Он тоскует по тому, что в классической психологии обозначается термином Geborgenheit — «укрытость».

В самом деле, при всех невзгодах на родине он чувствовал себя в гнезде, пожалуй, даже как бы в материнской утробе. Это чувство было по ту сторону всяких политических соображений, всякого государственного патриотизма, это чувство было почти физиологическим; он его не замечал. А теперь он родился на свет. Он вылетел из гнезда. Надо вести самостоятельную жизнь. Он стал взрослым.

В глубине души он понимает, что все разговоры о возвращении несерьёзны. Даже если бы ему всё вернули, даже если бы государство попросило у него прощения, наказало бы его мучителей, выплатило ему компенсацию за причинённый ущерб, даже если бы могущественное и вездесущее учреждение торжественно обещало никогда больше не вмешиваться в его жизнь, — он не смог бы вернуться к прежнему существованию, как невозможно вернуться под материнское крыло. Ибо он стал взрослым.

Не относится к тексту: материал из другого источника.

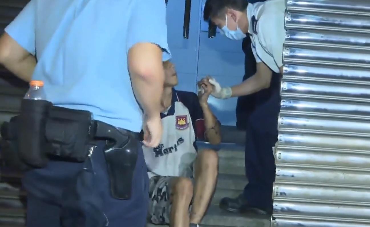 油麻地疑癮君子吸毒後跌倒 遭木板壓住 。(有線電視新聞截圖)
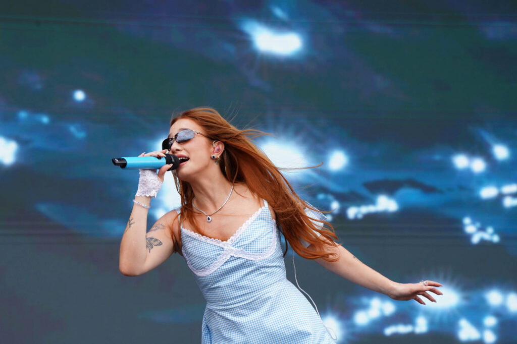 El de Addison Rae es un caso raro. Tras un comienzo como creadora de contenido en TikTok, comenzó a la par una faceta como actriz y otra como cantante, que la trajo a Lollapalooza por primera vez. Su performance, sin embargo, tuvo más de performance escénica que de ejecución musical: vestida con ropa interior de encaje, Rae no disimuló el uso de pistas vocales durante su set, y ni siquiera su público parecía inmutarse cuando su voz seguía sonando fuerte y clara a pesar de que ella no estaba moviendo la boca. Su paso por el Hipódromo trajo 60 minutos de hyperpop, el terreno donde Charli XCX planta bandera, de ahí que sonara su versión de “Von Dutch” que a esta altura ya puede reclamar como propia. Otra referente, Britney Spears, apareció en forma de sampleo de “…Baby One More Time” en “I got it Bad”. Con el pasar de las canciones, el grado de excitación de Rae fue en aumento, casi más que el de su propio público, como si su expansión global la hubiera tomado de sorpresa.

И ему становится понятной загадка эмиграции; он начинает постигать то общее, что объединяет беженцев из Германии тридцатых годов, советских эмигрантов нашего времени или беглецов из сегодняшней Албании, постигать, чтó вообще отличает эмиграцию из закрытых, несвободных стран от огромного числа людей во всём мире, переезжающих из одной страны в другую. Парадокс закрытого общества состоит в том, что оно неизбежно становится материнской почвой эмиграции. Оно воспитывает дух бегства и бунта, своеобразного восстания подростков против опеки жестокого отца, и вместе с тем внушает каждому страх перед самостоятельностью, перед широким миром, перед свободой и ответственностью. Несвободное государство преследует своих граждан, но и опекает их на каждом шагу, обволакивает своей принудительной заботой; исподволь, с младых ногтей, оно приучает их к той особой укрытости, которая необходима детям, и хотело бы, чтобы человек остался дитятей до конца своей жизни. Но каждый ребёнок хочет стать взрослым. Эмиграция — это расставание с детством.